Caltech welcomed the USGS with open arms, and together, Caltech researchers and the USGS have put many systems in place to reveal where the shaking was during an earthquake and its strength. Now, those systems are so fast that Southern California has an earthquake early warning system that can warn that shaking is on its way.
“For the last 50 years we’ve had this incredibly strong relationship between the USGS and Caltech, and that has allowed the seismic networks in Southern California to both grow larger and to more naturally evolve to include the newest scientific ideas than they ever would have without it,” says Mike Gurnis, the John E. and Hazel S. Smits Professor of Geophysics and director of the Seismo Lab.
Another major piece of the developments following the 1971 earthquake was the creation by the federal government in 1977 of a multi-agency program called the National Hazards Earthquake Reduction Program (NHERP).
“It would be difficult to overstate the importance of NHERP for earthquake research, monitoring, and reporting in Southern California,” says Lucy Jones, a visiting associate in geophysics at Caltech who served with the USGS for more than 30 years. “It was created as part of the outcome of the 1971 earthquake, and it’s the main government program that’s funded earthquake work ever since, including the seismic network at Caltech and the USGS office in Pasadena. It’s also where the funding was added to bring about earthquake early warning.”
For the public, perhaps the most important outcomes of the 1971 San Fernando event were the laws and changes to building codes that were put into place to make buildings safer during major earthquakes. Because the damage during the quake had been so horrible, one of the first changes was the adoption of new seismic standards for hospitals.
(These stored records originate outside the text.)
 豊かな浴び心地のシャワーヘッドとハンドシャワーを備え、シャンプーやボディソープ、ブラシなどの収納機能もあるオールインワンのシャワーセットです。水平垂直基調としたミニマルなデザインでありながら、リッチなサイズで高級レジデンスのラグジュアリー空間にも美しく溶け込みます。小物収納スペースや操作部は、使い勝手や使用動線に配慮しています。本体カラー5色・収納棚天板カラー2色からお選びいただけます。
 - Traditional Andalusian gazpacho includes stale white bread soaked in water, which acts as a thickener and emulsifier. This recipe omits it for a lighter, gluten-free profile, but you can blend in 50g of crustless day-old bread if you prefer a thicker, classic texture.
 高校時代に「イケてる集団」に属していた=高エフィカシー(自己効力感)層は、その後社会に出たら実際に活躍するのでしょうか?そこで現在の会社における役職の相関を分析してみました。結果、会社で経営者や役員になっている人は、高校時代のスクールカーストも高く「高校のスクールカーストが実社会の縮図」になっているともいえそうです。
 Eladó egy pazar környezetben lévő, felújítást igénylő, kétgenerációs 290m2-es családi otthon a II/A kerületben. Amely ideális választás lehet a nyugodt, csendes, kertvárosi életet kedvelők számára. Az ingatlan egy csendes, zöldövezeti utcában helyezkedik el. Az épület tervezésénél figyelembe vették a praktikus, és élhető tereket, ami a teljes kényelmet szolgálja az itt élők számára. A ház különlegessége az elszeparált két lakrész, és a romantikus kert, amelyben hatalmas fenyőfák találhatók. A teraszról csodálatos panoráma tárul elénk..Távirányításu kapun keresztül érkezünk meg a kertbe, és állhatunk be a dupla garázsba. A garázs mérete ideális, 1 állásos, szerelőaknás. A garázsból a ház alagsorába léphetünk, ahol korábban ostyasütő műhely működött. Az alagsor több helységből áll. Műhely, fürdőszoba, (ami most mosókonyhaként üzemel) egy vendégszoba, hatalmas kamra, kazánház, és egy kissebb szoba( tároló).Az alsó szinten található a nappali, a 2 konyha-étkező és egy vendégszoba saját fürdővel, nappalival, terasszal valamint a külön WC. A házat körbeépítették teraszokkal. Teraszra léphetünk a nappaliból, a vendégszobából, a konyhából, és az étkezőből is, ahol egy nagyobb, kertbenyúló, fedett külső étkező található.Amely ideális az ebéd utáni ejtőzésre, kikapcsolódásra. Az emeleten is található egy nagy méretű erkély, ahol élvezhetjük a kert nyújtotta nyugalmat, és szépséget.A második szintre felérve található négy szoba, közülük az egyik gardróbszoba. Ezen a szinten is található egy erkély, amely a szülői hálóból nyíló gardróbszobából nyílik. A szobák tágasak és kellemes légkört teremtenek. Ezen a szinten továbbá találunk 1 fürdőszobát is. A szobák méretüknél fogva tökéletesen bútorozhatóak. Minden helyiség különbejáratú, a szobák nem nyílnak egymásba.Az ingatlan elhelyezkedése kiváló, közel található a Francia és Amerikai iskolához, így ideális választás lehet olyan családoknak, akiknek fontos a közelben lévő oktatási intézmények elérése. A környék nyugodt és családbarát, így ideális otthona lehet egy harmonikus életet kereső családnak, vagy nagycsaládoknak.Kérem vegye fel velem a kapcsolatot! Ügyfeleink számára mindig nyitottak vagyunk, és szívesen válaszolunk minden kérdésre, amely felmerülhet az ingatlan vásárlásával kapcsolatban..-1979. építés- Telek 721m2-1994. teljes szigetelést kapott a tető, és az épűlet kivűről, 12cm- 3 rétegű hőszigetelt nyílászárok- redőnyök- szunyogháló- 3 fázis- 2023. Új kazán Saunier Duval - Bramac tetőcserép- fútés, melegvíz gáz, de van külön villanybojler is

Other changes took a bit longer. During the quake, the San Fernando Fault actually came to the surface of the earth and tore through people’s houses. Prior to the event there was nothing to prevent builders from constructing homes and businesses directly on top of active fault lines.
But as Jones notes, there are two types of damage associated with earthquakes. “The damage from shaking can be stopped by building stronger buildings,” she says. “The danger from the fault can’t be stopped because the fault itself is moving.”
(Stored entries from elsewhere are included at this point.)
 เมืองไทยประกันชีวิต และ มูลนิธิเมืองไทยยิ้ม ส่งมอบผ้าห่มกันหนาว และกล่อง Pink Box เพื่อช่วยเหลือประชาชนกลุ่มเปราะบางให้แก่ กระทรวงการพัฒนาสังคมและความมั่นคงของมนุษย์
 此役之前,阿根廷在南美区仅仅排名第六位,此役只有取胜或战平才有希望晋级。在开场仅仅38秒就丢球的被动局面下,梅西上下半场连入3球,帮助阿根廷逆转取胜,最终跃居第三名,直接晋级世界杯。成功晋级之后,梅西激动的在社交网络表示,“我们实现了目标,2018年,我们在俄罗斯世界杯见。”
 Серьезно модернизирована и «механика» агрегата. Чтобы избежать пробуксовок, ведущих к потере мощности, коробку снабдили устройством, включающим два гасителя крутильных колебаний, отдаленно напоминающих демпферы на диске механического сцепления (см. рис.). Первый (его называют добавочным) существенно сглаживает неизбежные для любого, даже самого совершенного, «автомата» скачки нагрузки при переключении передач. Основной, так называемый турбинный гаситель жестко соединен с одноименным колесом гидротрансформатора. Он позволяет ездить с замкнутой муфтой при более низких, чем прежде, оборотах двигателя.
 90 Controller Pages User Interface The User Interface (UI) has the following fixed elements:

After the 1971 earthquake, Clarence Allen (MS ’51, PhD ’54), the late Caltech geologist and geophysicist, went to Sacramento and explained to legislators that geologists know where the active faults are and that an earthquake like San Fernando would certainly happen again in California. In 1972, the California legislature passed the Alquist-Priolo Earthquake Fault Zoning Act, which prohibits building across active faults. “It was really because of Clarence spending the time and the effort to help people understand that geology could actually tell you where this was going to happen that this change was made,” says Jones.
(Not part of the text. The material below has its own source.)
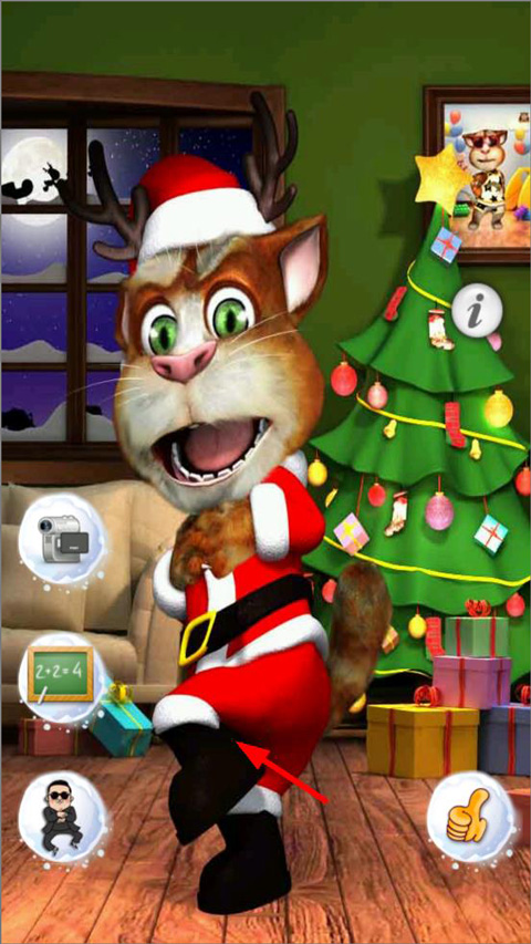 9、点击舞蹈按钮,汤姆猫会跟着音乐跳舞。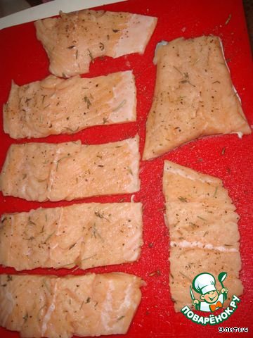 Филе нарезать на порционные куски, посыпать солью, смесью перцев, розмарином и тмином.

It took a lot more fighting and time to get the City of Los Angeles to require a change that seismologists identified as sorely needed after the 1971 earthquake: the requirement to retrofit unreinforced masonry buildings. During the earthquake, many of these unreinforced buildings suffered damage, including tragic collapses at a homeless shelter in downtown Los Angeles and at the Veterans Administration Hospital in San Fernando, where 49 people died. In 1981, the city required that about 10,000 unreinforced buildings either be retrofitted or torn down. In 1986, the state of California passed a law requiring that all jurisdictions catalog unreinforced masonry buildings and develop retrofitting programs.
“In 1994, when the Northridge earthquake happened, nobody died in an unreinforced masonry building,” says Jones, “which is pretty amazing because that’s always been where people die in California earthquakes. So the 1971 earthquake certainly saved lives in the 1994 earthquake.”